WORK ORDER → Word for word, restate the lines from the start of the data below through the line containing "The i HUD (i-HUD)".

SUPPLIED MATERIAL →
┌──

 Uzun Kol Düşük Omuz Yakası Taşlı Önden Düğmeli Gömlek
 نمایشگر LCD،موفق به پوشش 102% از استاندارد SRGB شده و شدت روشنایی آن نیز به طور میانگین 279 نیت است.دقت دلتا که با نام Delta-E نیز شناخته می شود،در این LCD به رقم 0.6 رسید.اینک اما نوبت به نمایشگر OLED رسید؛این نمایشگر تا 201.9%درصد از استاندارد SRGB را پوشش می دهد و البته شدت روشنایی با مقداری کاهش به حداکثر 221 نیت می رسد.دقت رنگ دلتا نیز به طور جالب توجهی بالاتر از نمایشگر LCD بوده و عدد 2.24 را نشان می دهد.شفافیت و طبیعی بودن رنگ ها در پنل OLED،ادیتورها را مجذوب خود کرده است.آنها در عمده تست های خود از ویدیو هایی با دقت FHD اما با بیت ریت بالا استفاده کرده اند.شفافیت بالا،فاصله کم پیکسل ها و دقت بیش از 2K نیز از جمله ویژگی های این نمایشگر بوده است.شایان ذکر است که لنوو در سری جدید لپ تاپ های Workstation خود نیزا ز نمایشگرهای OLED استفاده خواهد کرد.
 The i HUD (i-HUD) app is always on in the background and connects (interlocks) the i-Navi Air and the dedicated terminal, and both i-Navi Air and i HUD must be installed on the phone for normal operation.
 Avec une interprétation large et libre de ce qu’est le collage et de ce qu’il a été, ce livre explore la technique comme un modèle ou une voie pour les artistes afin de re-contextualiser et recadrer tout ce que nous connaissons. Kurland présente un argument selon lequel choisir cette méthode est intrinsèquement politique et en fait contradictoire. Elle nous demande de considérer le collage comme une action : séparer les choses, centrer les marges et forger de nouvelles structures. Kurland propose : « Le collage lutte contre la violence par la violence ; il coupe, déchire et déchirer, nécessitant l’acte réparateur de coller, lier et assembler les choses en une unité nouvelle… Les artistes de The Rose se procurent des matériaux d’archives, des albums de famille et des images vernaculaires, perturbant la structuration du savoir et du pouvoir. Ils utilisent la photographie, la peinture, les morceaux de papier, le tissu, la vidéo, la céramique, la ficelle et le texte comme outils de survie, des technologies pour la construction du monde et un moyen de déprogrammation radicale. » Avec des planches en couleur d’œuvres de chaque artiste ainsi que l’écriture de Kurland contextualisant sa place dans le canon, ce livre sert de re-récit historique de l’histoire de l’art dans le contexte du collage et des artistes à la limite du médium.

└──

RESULT OF THIS TASK →
 Uzun Kol Düşük Omuz Yakası Taşlı Önden Düğmeli Gömlek
 نمایشگر LCD،موفق به پوشش 102% از استاندارد SRGB شده و شدت روشنایی آن نیز به طور میانگین 279 نیت است.دقت دلتا که با نام Delta-E نیز شناخته می شود،در این LCD به رقم 0.6 رسید.اینک اما نوبت به نمایشگر OLED رسید؛این نمایشگر تا 201.9%درصد از استاندارد SRGB را پوشش می دهد و البته شدت روشنایی با مقداری کاهش به حداکثر 221 نیت می رسد.دقت رنگ دلتا نیز به طور جالب توجهی بالاتر از نمایشگر LCD بوده و عدد 2.24 را نشان می دهد.شفافیت و طبیعی بودن رنگ ها در پنل OLED،ادیتورها را مجذوب خود کرده است.آنها در عمده تست های خود از ویدیو هایی با دقت FHD اما با بیت ریت بالا استفاده کرده اند.شفافیت بالا،فاصله کم پیکسل ها و دقت بیش از 2K نیز از جمله ویژگی های این نمایشگر بوده است.شایان ذکر است که لنوو در سری جدید لپ تاپ های Workstation خود نیزا ز نمایشگرهای OLED استفاده خواهد کرد.
 The i HUD (i-HUD) app is always on in the background and connects (interlocks) the i-Navi Air and the dedicated terminal, and both i-Navi Air and i HUD must be installed on the phone for normal operation.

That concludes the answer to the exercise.